Try starting every run going switch for a few turns, adding turns as you get more comfortable. When the speed picks up, go back to regular and enjoy as usual. Should get comfortable fairly quickly if you make a habit of it.


----------



## Le tItS now (Nov 2, 2015)

Years ago I spent an entire day making myself ride switch. If you have any friends or family who want to learn to snowboard, or who are fairly new at it, go ride with them for a day. It will keep you on the bunny hill or green slopes and you can dedicate a day to switch. It works wonders and opens up a whole new world when riding!


----------



## sabatoa (Jan 18, 2011)

robotfood99 said:


> Skating and any one footed riding switch actually are harder than short spurts of switch riding both feet in. Because you are pushing and balancing with your lead foot which it is not used to. Add that to the goofy foot trying to lead and its a double dose of awkward. I am pretty strong switch but never skate switch.
> 
> Try starting every run going switch for a few turns, adding turns as you get more comfortable. When the speed picks up, go back to regular and enjoy as usual. Should get comfortable fairly quickly if you make a habit of it.

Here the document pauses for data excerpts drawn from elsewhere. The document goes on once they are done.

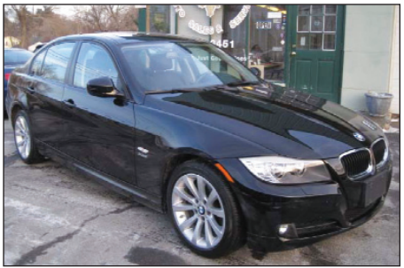
2011 BMW

By NOLAN CLEARY Police in Nassau County are on the hunt for group of brazen car thieves who stole a running black 2011 BMW from a gas station in Syosset. On the early morning of Tuesday, April 26th at the BP gas station located at 200 South Oyster Bay Road in Syosset, the thieves grabbed the BMW, as the owner was paying for gas. The owner of the car, a 35 year old man, briefly left the vehicle unlocked and running as he entered the gas station around 4:43 AM to pay. But a group of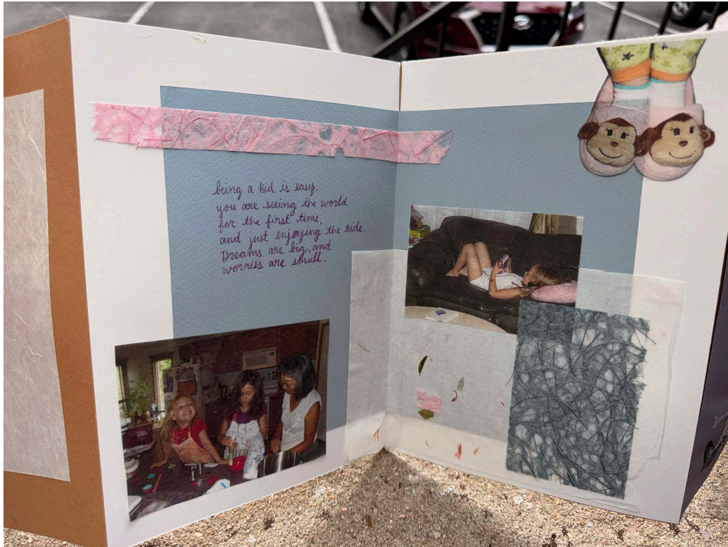
Figure 8: Detail 8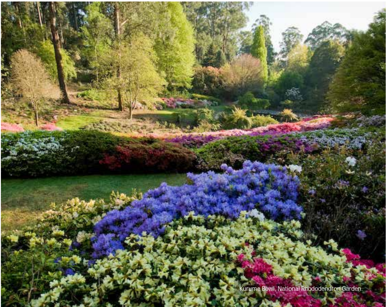
Kurume Bowl, National Rhododendron Garden.

The National Rhododendron Garden and William Ricketts Sanctuary will be the principal tourism attractions of the Gardens, and that interest will be harnessed to augment and improve the horticultural and visitor values across the other properties. Monitoring of visitor use will provide information to determine longer term recreational and infrastructure needs of the Gardens, and improvement projects will be investigated as necessary.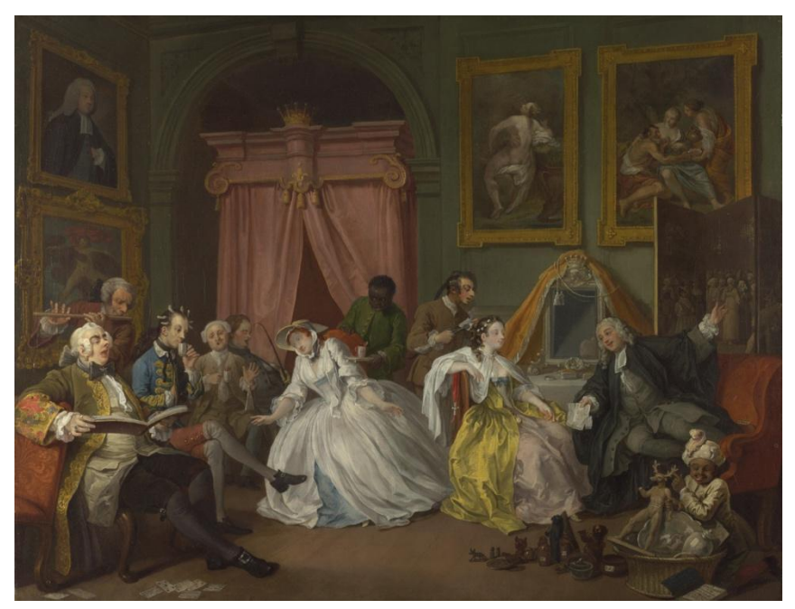
Figure 2. William Hogarth, Marriage A-la-Mode, The Toilette , 1743, oil on canvas (The National Gallery, London).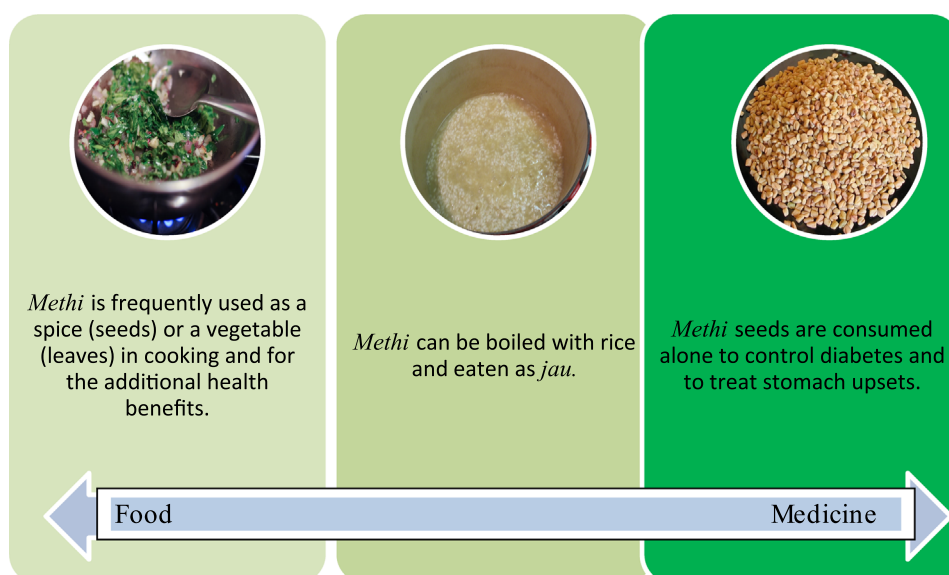
Fig. 2. The transitional nature of methi ( Trigonella foenum-graecum ) as food and medicine.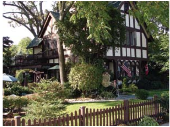
The Bishops Cottage Bed & Breakfast is a popular summer entertainment spot. It's located within the Macomb St. Business District.

If it's your desire to live in a tranquil community with abundant natural beauty, a wide range of amenities, activities for the whole family, a top-ranked schools system and suburban convenience, then you should discover Grosse Ile.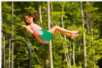
Playground and Park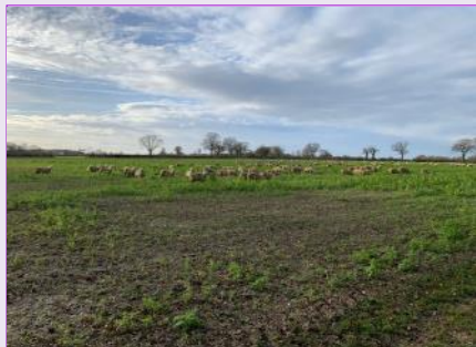
Sheep grazing a cover crop

It has been a joy to see the flocks of finches feeding on the wild bird mix patches on the farm and we are hoping to join an Upper Alde and Ore Cluster Group. The hope is that this will encourage support from industry and government for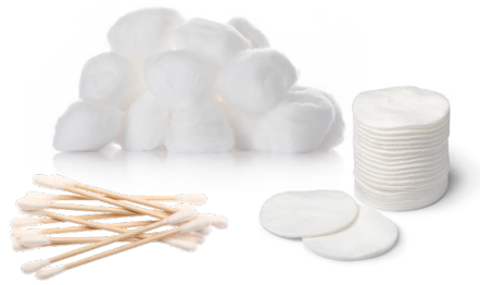
Cotton balls, swabs and pads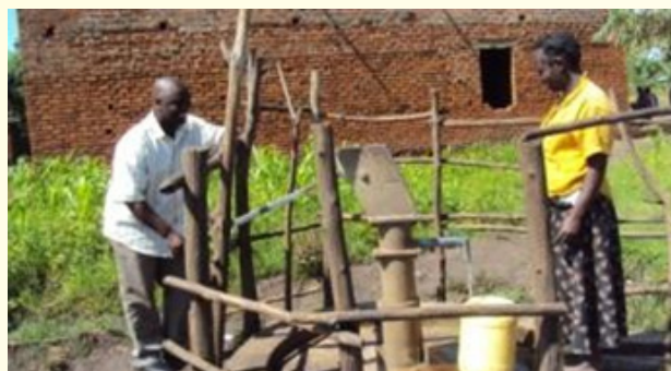
Figure 2: Community members accessing water at a borehole in Marare

Mbale District's safe water coverage stood at 64 per cent in the FY2013/14 indicating a slight improvement from 62.5 per cent in FY2012/13. However, access rates varied, with urban areas at 94 per cent and lowlands at 62 per cent. The functionality rate in urban and rural areas stood at 95 and 89 per cent, respectively. Meanwhile the latrine coverage was at 87.2 and the percentage of people that could access the hand washing facility stood at 77.4 per cent.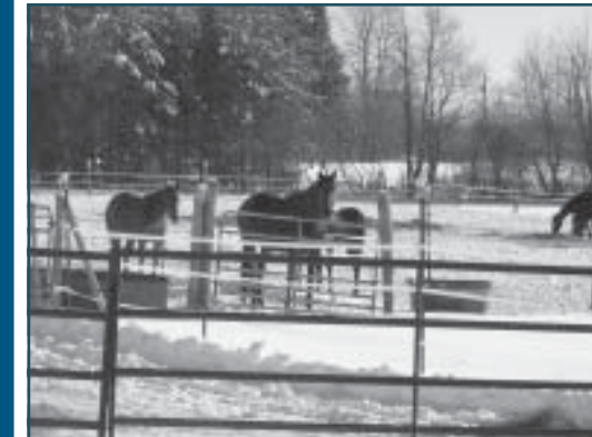
Winningways Farms is not the usual Wisconsin farm. Instead of cows, thoroughbred horses wander through the snow-covered pastures.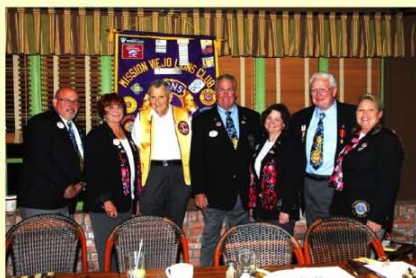
Mission Viejo Lions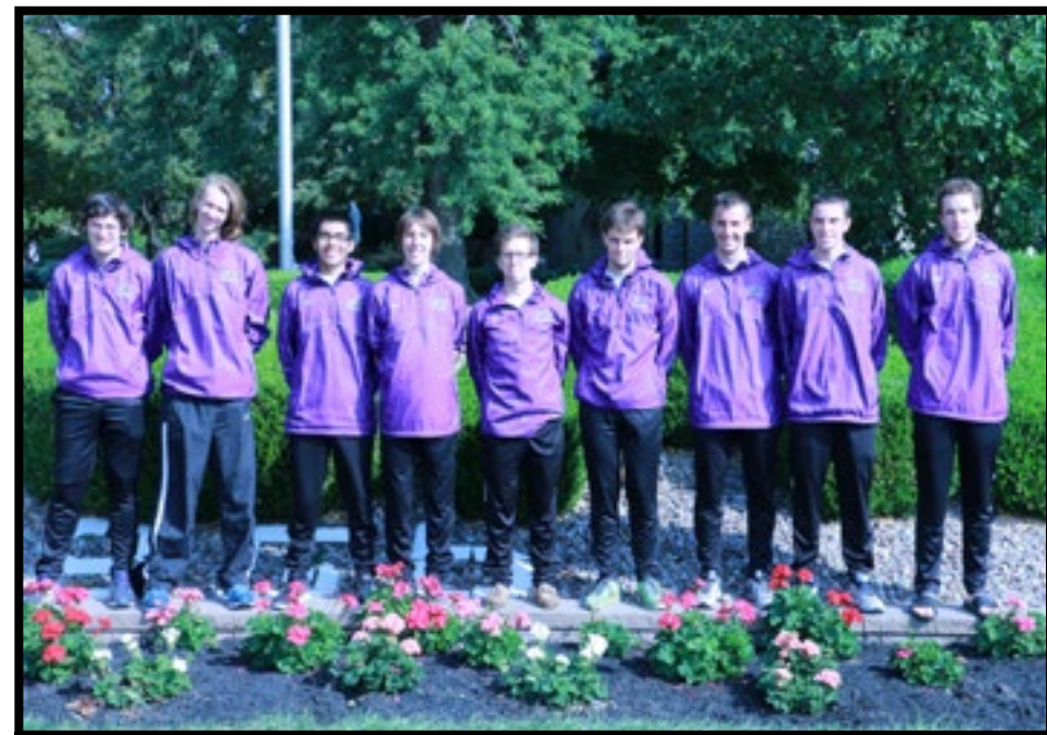
2015 MEN'S ROSTER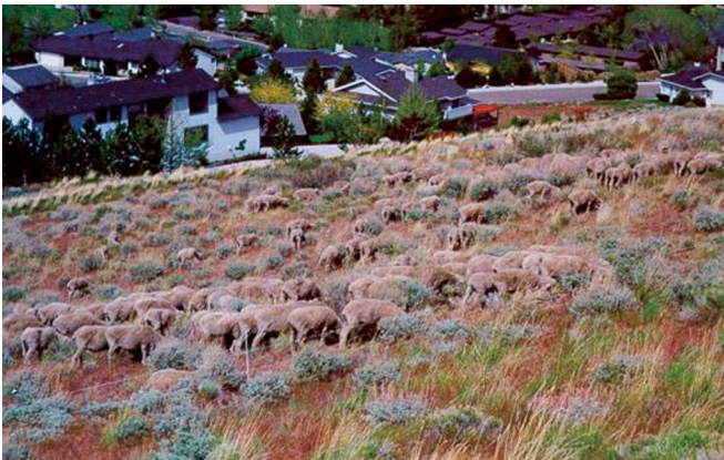
Sheep grazing a fuel break in Nevada.

electric fences. These misconceptions by the public must be addressed when land managers make proposals for grazing.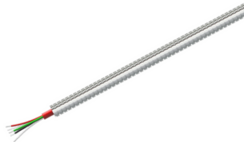
HEAVY DUTY ARMOR JACKETED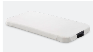
DOMETIC CI-SC70 Seat cushion for CI 70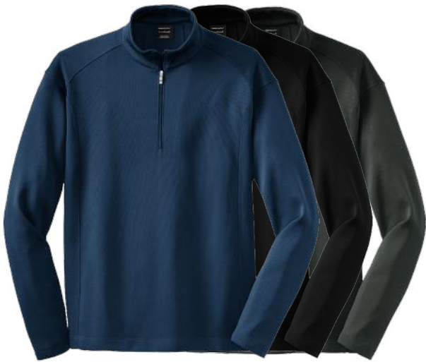
NIKE Sport Cover-Up 400099 Adult Sizes: XS-4XL | 3 colors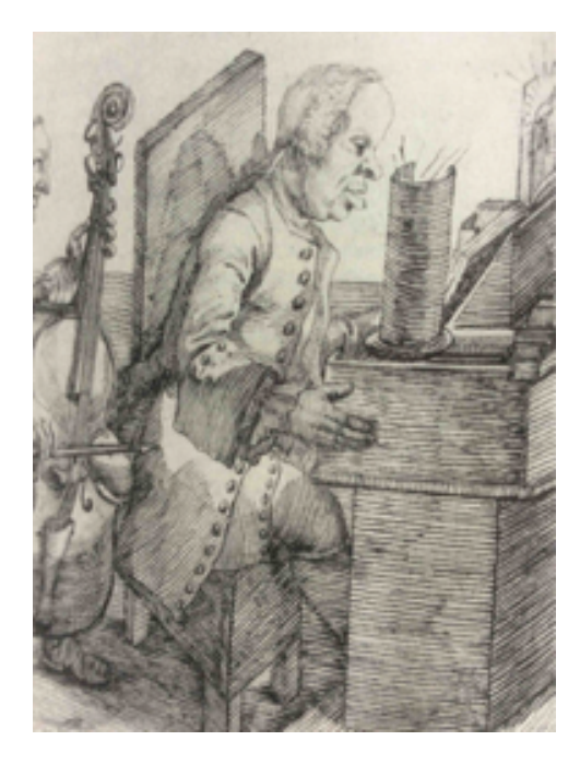
Fig. 8. Nicola Logroscino leading his own opera (1753)

It is important to emphasize that the musical scene was organized at that time in a completely different way than today's classical music scene. As we noticed with Lully's case, the seventeenth century was notably characterized by the active participation of the composer during the performances, being most of the time in charge of the execution of the music. There is in fact no different in the eighteenth century. An anecdote recounted by Charles Burney in one of his trip to Italy describes the composers authority in performance : attending a performance of a mass in Bologna for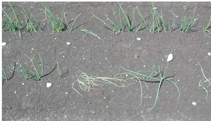
Figure 2. Damage to onion seedlings by onion maggot larvae.

As the crop grows, the relative attractiveness of these traps decreases, lessening their accuracy in predicting second generation population activity. Yellow sticky traps placed around field edges just above the growing foliage can also be used to monitor fly activity 5 . Monitoring the cone or sticky traps once a week should aid in determining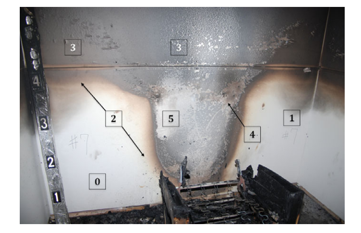
FIG. 1—Photograph from which selected images of visible damage indicators was chosen for use with the DOFD Method.

each grid space and characterize the damage within that space. The method further instructed the user to use the example images and damage indicators to characterize the damage observed. Additional instructions were provided to clarify those potential areas of difficulty in ranking. These instructions indicated that the user should be conservative and select the degree of damage with the lower value in the event that the grid space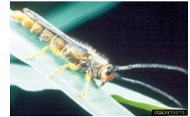
Fig. 5 Oberea erythrocephala on leafy spurge

I can ride greens switch when I force myself, I was going for an immersive goofy experience and I shitcanned that nonsense before I unloaded the chair. lol

I like your idea of every run starting switch, I'll try to remember to incorporate that.


----------



## snowangel99 (Mar 11, 2016)

I only have a few days snowboarding under my belt. The first few days I was riding both ways as well. I actually had to focus on using one particular side. It only took a few days and now I am married to goofy. But my kids still ask me every single morning which foot goes in front. My point is I think when you are learning most people can ride both sides equally well. You are smart to capitalize on that now while you can.


----------